Jeanne G'Fellers - No Sister of Mine
LaRenna scratched at her hand. “Who hasn’t? But I don’t very often. Belsas and Chandrey raised me with love. I feel almost guilty asking for more.” She pushed Malley away, rose to her knees, and peeked hopefully at the courtyard. “All clear. Let’s check our postings.”“What was it like?” Malley lingered on the floor, still holding LaRenna’s hand.
“Being raised by the Taelach of All?” LaRenna settled cross-legged beside her.
“Uh-huh.”
“My gahrah is like most of your brooding types, pretty reserved, sometimes unemotional.

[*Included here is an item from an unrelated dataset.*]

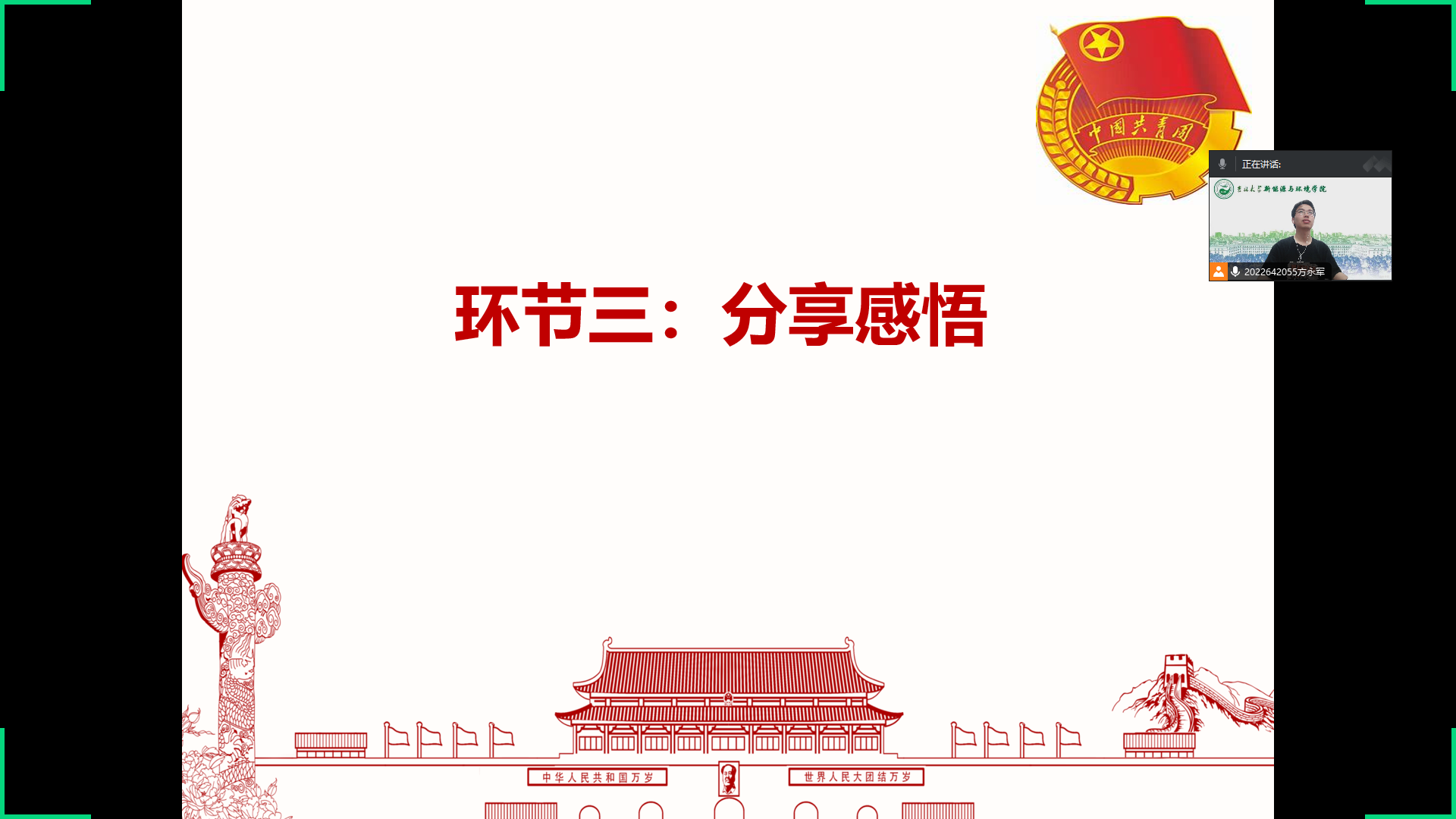 然后,团支部书记播放了由联合国环境规划署合作的公益广告:《被塑料毁掉的家园》。本片跟随一个孩子的视角,通过她用塑料瓶制成的望远镜观察我们被塑料污染的未来,希望可以提高人们的认识并推动采取行动结束全球的塑料污染。

I never could read her well enough to tell when I had overstepped my bounds.”
Malley raised a high arched eyebrow in suspicion. “Really?”
“She’d just smile like nothing happened and find me the most horrid chores to do around the housing compound.”
“She never smacked you?”
Shock sprang into LaRenna’s long-lashed eyes. “Why, no! Mamma would have exploded if Belsas ever had. When things got intense, Bel would just walk away. I probably would have preferred a thrashing to those chores or Chandrey’s lectures. It certainly would’ve been quicker.” LaRenna shook her head as childhood memories encroached her thoughts. “Those lectures made me feel so small.”

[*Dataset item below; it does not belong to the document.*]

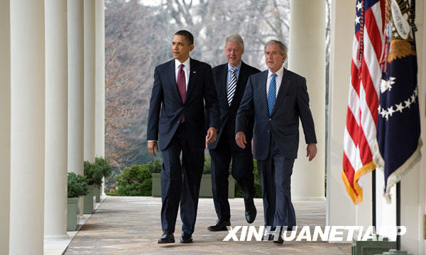 1月16日,美國(guó)總統(tǒng)奧巴馬(左)和兩位前總統(tǒng)克林頓(中)、小布什(右)在白宮出席新聞發(fā)布會(huì)。新華社/法新

Malley dropped her handhold to smooth the bedrolls into inspection perfection. “I would have taken chores or words over a belt to the back end any day. Believe me, LaRenna, you would have too.”
LaRenna offered her friend a considering stare. Malley’s childhood had been impossibly rough, plagued by a pair of raisers who had never gotten along and had taken their problems out on their only child with regular ferocity. No wonder Malley had gone into military schooling at such a young age; it was an escape mechanism. “You make me feel privileged to have been raised by them. Chandrey and Belsas have always been close. That’s probably why they waited so long before they took a child to raise. I guess they were making sure of themselves.”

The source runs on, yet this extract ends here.